Selon Le Figaro, le fils de l'ancien président mexicain Andrés Manuel López Obrador a affirmé jeudi que le gouvernement américain avait révoqué son visa d'entrée aux États-Unis «sans aucune raison», dans une lettre adressée au président Donald Trump et publiée sur le réseau social Instagram.

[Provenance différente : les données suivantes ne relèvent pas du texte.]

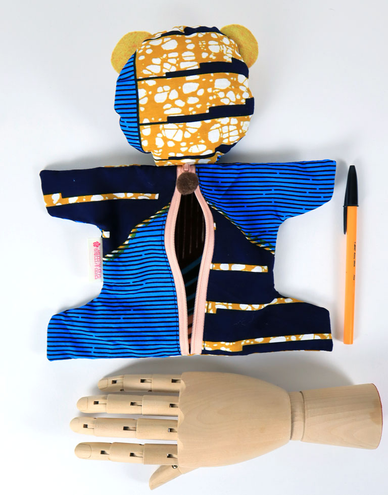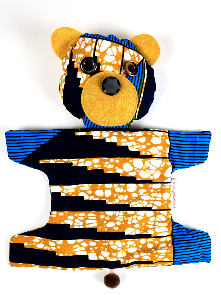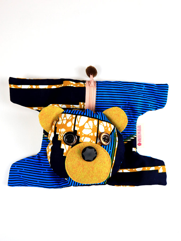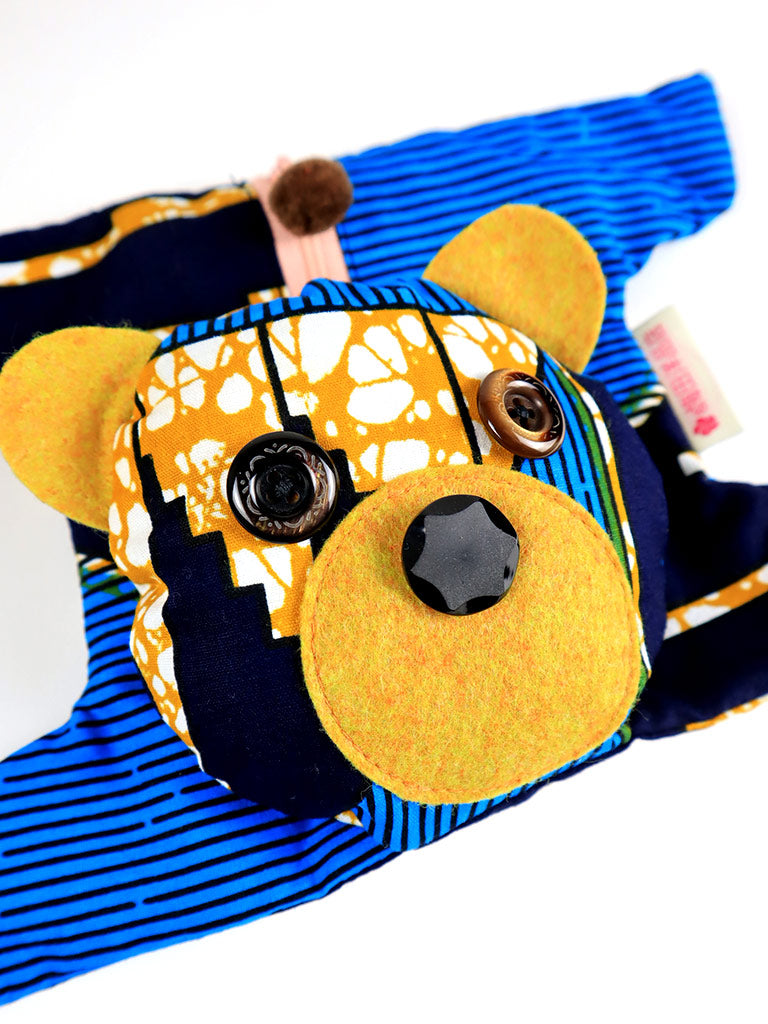 アフリカンプリントのくまポーチ・ブルー×オレンジ

Également responsable politique, Andrés Manuel López Beltrán a attribué le retrait de son visa à une «phobie conservatrice maladive» contre le parti au pouvoir Morena, fondé par son père et qui gouverne le Mexique depuis 2018.

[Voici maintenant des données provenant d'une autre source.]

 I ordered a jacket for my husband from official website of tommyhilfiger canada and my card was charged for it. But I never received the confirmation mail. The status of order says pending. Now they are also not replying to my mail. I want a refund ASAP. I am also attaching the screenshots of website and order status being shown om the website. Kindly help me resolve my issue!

Andrés Manuel López Beltrán, qui a été jusqu'en mai dernier le numéro deux du parti Morena, a également accusé le secrétaire d'État Marco Rubio, et son adjoint, Christopher Landau, d'avoir «ordonné» le retrait de son visa sans qu'il existe la moindre preuve le liant à «un quelconque acte immoral ou délictueux». L'AFP a interrogé le service de presse de l'ambassade des États-Unis, mais n'a reçu aucune réponse.
Ce qu'il faut retenir
- Le fils de l'ex-président mexicain Andrés Manuel López Obrador a vu son visa d'entrée aux États-Unis révoqué sans raison apparente.
- Andrés Manuel López Beltrán accuse une «phobie conservatrice maladive» contre le parti Morena.

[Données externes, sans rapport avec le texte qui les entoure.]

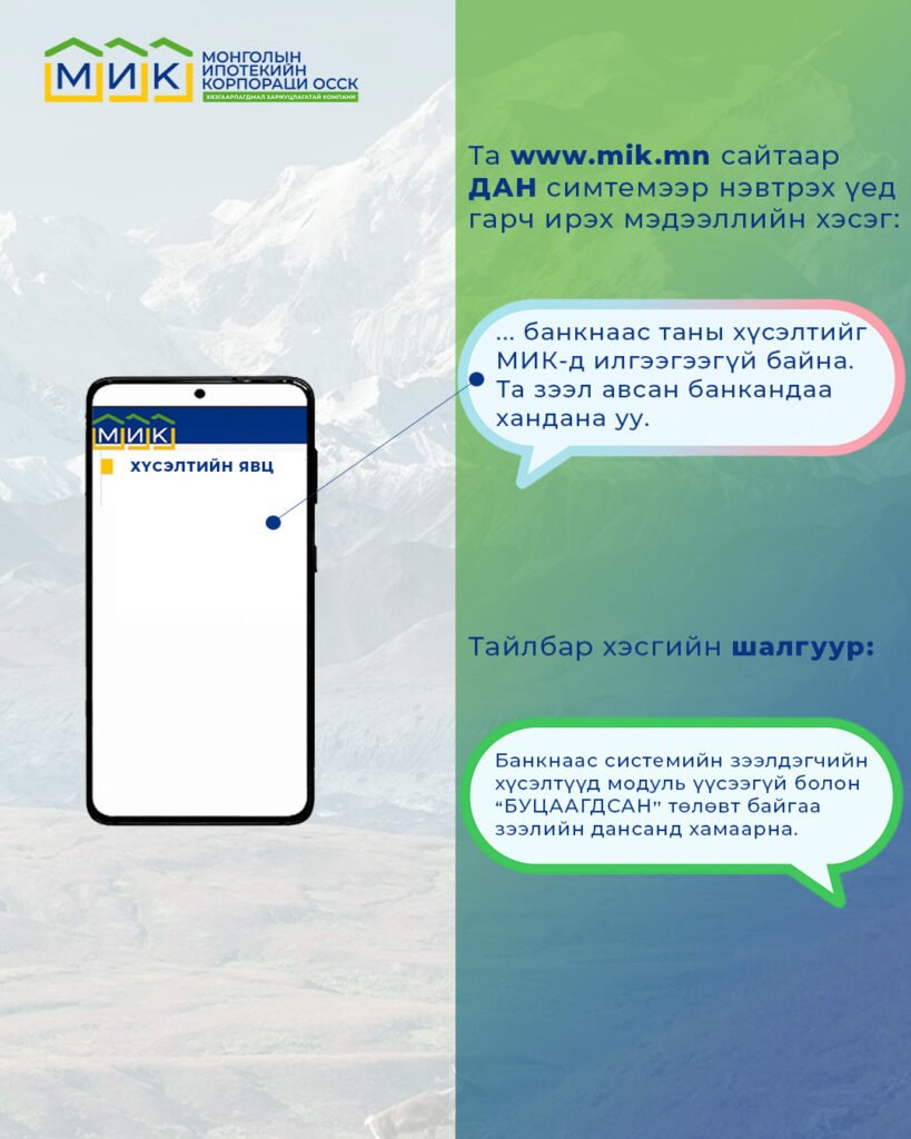 МИК-д худалдсан болон худалдахаар хүлээгдэж байгаа талаарх мэдээллийг иргэд www.mik.mn сайт хандаж “Иргэд олон нийт” цэсний “Ипотекийн зээлийн мэдээлэл авах” хэсгээс “ДАН” танилт нэвтрэлтийн нэгдсэн системээр дамжуулан дараах 3 төрлийн мэдээллийг авах боломжтой боллоо.

- Il a également accusé le secrétaire d'État Marco Rubio et son adjoint Christopher Landau d'avoir ordonné le retrait de son visa.
Contexte et réactions
Selon les médias locaux, les États-Unis auraient retiré leur visa à une cinquantaine de responsables politiques du camp gouvernemental mexicain, principalement en raison de liens allégués avec le crime organisé. Seule une poignée d'entre eux a reconnu publiquement cette sanction.
Le retrait de son visa par les autorités américaines a suscité des réactions au sein du parti Morena et du gouvernement mexicain. Andrés Manuel López Beltrán a dénoncé cette décision comme une atteinte à la souveraineté du Mexique et une ingérence dans les affaires internes du pays.
Enjeux et conséquences
Cette décision pourrait avoir des conséquences diplomatiques entre les États-Unis et le Mexique, notamment en ce qui concerne les relations commerciales et la coopération en matière de sécurité. Le gouvernement mexicain a déjà exprimé son mécontentement face à cette décision et pourrait prendre des mesures pour répondre à ce qu'il considère comme une ingérence dans ses affaires internes.
En conclusion, la révocation du visa d'Andrés Manuel López Beltrán par les autorités américaines est un événement qui soulève des questions sur les relations entre les États-Unis et le Mexique, ainsi que sur les enjeux de la politique intérieure mexicaine. Les prochaines semaines seront importantes pour comprendre les conséquences de cette décision et comment les deux pays vont gérer cette crise diplomatique.